The investigations into the sequence of events that led to the loss of these aircraft and the causes will take quite some time to fully come to light and be realized by the accident investigators; However, with the information that has currently been released, embedded systems companies and developers can look at the fiasco that Boeing is currently going through and learn and be reminded of several general lessons that they can apply to their own industries and products. Let’s examine those lessons.
Lesson #1 – Don’t compromise your product to save or make money short-term
There is a normative pressure on businesses and developers today to increase revenue, reduce costs and ship products as fast as possible. The mantra isn’t quality. It isn’t security. It isn’t user friendly. The mantra is maximum short-term growth, and in my opinion, at any cost as long as the short-term growth is maximized. Now, I don’t believe this was Boeings mantra or even their intent but given the pressure that they appeared to be under from customers and shareholders to deliver an aircraft that could compete with the Airbus A319neo, I do believe that we can see that they may have started to cave to this normative pressure.
This brings us to our first lesson, don’t risk compromising your product to save or make more money. It’s important to be successful in the short term, but there is more to every business beyond just how much sales and revenue was generated this quarter and next. Even when the competition releases a competitive product and clients put the pressure on, it’s important to keep the long-term narrative in mind and not sacrifice quality, reputation or put the client’s businesses in jeopardy.
Lesson #2 – Identify and mitigate single points of failure
In any embedded system that is being developed, it’s important to understand the potential failure modes of the system and what effect those failures will have on the system and how they can be mitigated. There are many ways that teams go about doing this including performing a Design Failure & Effects Analysis (DFMEA) which analyzes design functions, failure modes and their effect on the customer or user. Once such an analysis is done, we can then determine how we can mitigate the effect of a failure.

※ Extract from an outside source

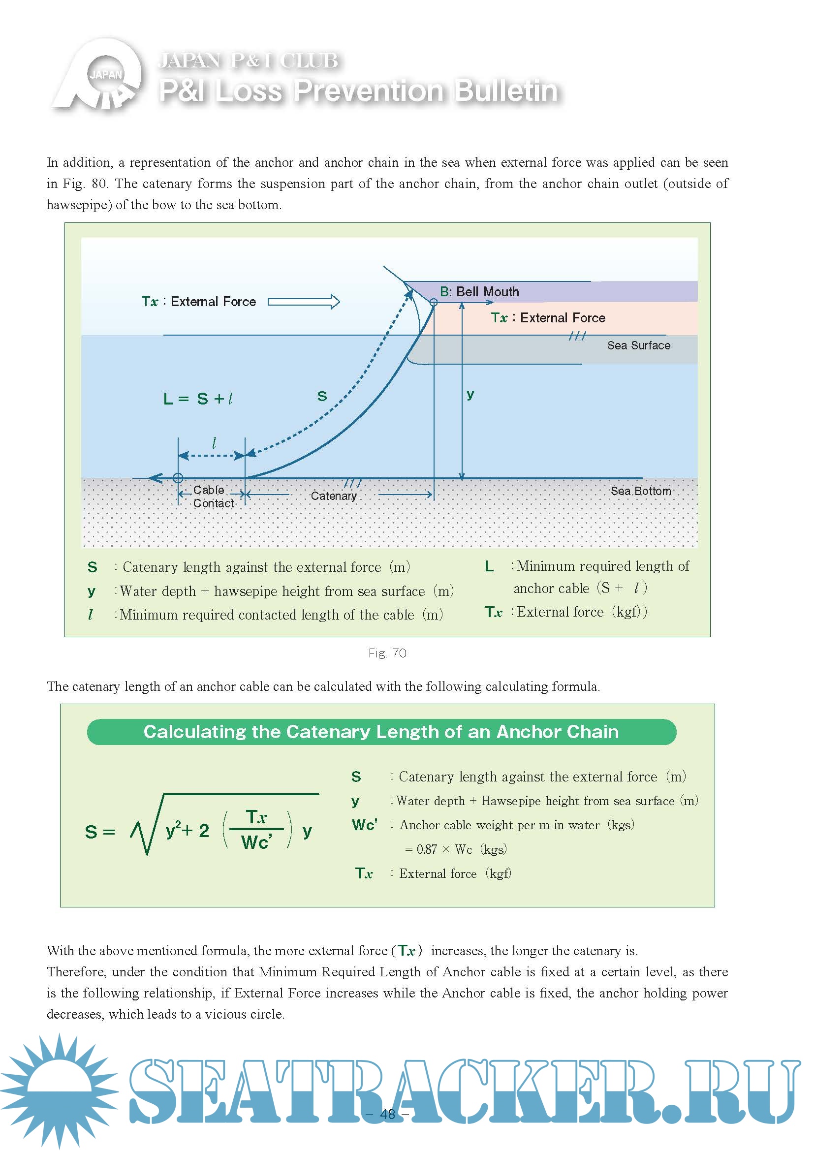 Year: 2018 Language: English Author: Japan P&I Club Genre: Bulletin Publisher: Japan P&I Club Edition: Volume 43 July 2018 Format: PDF, XLSx Quality: eBook Pages count: 66 Description: P&I Loss Prevention Bulletin | Dragging Anchor - Case Studies and Preventive Measures In the event of anchoring, it is common to carry out single anchor mooring, using one of the anchors outfitted on either side of the ship. However, due to strong winds from typhoons or violent storms, as a dragging anchor preventative measure, one must be ready to drop the snubber anchor on the opposite side (to the sea bottom), or carry out two-anchor mooring or ride at two anchors. Accidents due to a dragging anchor are not only caused by Typhoons, but also occur during gales. However, according to statistics they predominantly occur when a typhoon has just passed. First, it is necessary to understand how typhoons move. * Anchoring Holding Power Calculation in .xlsx format included.

In systems that can affect the safety of a user, it’s common practice to avoid single points of failure such as a faulty sensor or single input. Obviously if a single input suddenly provides junk data, only God knows how that system will respond and when you throw in Murphy’s law, the results are not going to be positive. I was quite literally taken aback when I read that the MCAS system relied on a single sensor for decision making. Having worked on safety critical and robust embedded systems in the past it’s mind boggling to me that the use of a single sensor input would be considered acceptable and adding in the input from a second sensor that would then disable the system if a sensor fails doesn’t seem to make things much better2 (but that really depends on engineering philosophy and culture).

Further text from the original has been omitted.